**DATASET EXTRACT:**

- - - - -

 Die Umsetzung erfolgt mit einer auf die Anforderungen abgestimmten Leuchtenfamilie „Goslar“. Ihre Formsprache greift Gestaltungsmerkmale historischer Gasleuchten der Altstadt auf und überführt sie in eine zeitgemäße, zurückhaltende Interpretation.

- - - - -

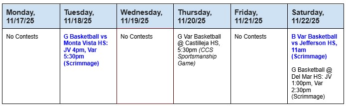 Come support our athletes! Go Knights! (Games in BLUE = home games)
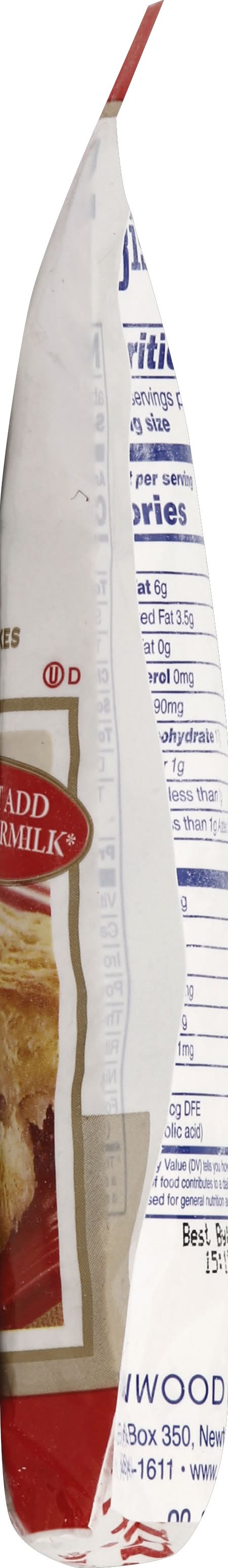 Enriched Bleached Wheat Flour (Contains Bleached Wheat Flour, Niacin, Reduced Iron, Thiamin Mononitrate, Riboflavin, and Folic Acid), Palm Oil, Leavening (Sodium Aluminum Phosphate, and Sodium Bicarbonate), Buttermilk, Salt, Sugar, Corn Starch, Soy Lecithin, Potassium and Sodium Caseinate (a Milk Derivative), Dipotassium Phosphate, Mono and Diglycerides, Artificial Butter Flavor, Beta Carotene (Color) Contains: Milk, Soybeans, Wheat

- - - - -

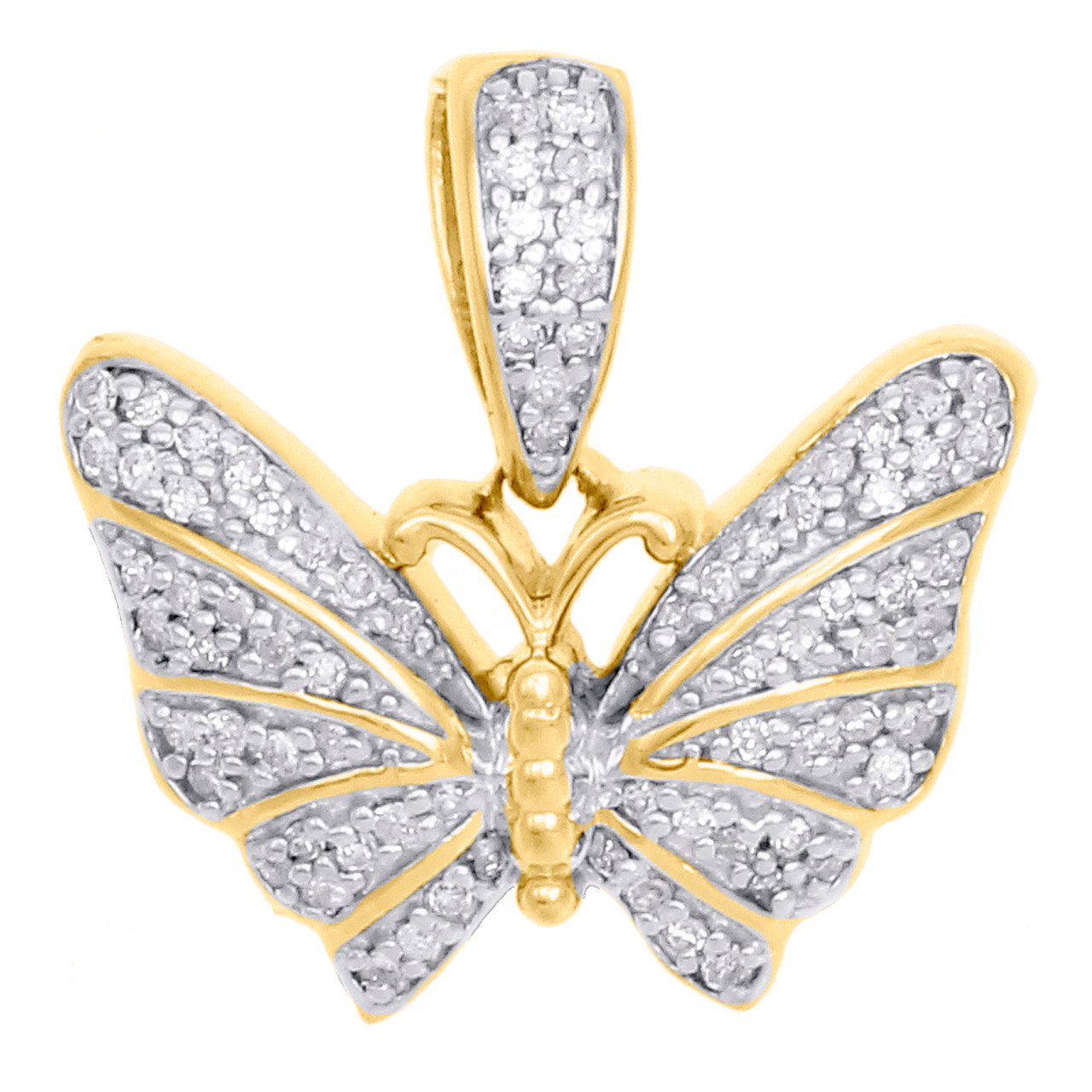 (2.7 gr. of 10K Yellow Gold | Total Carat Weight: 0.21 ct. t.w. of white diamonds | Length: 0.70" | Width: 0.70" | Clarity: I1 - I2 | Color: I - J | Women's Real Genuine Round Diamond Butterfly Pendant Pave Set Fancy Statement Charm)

- - - - -

**REQUIRED WORK:**
Above are the records; copy from them only the lines starting at the one containing "Come support our" and ending at the one containing "Enriched Bleached Wheat", exactly and without pictures.

**TASK SOLUTION:**
 Come support our athletes! Go Knights! (Games in BLUE = home games)
 Enriched Bleached Wheat Flour (Contains Bleached Wheat Flour, Niacin, Reduced Iron, Thiamin Mononitrate, Riboflavin, and Folic Acid), Palm Oil, Leavening (Sodium Aluminum Phosphate, and Sodium Bicarbonate), Buttermilk, Salt, Sugar, Corn Starch, Soy Lecithin, Potassium and Sodium Caseinate (a Milk Derivative), Dipotassium Phosphate, Mono and Diglycerides, Artificial Butter Flavor, Beta Carotene (Color) Contains: Milk, Soybeans, Wheat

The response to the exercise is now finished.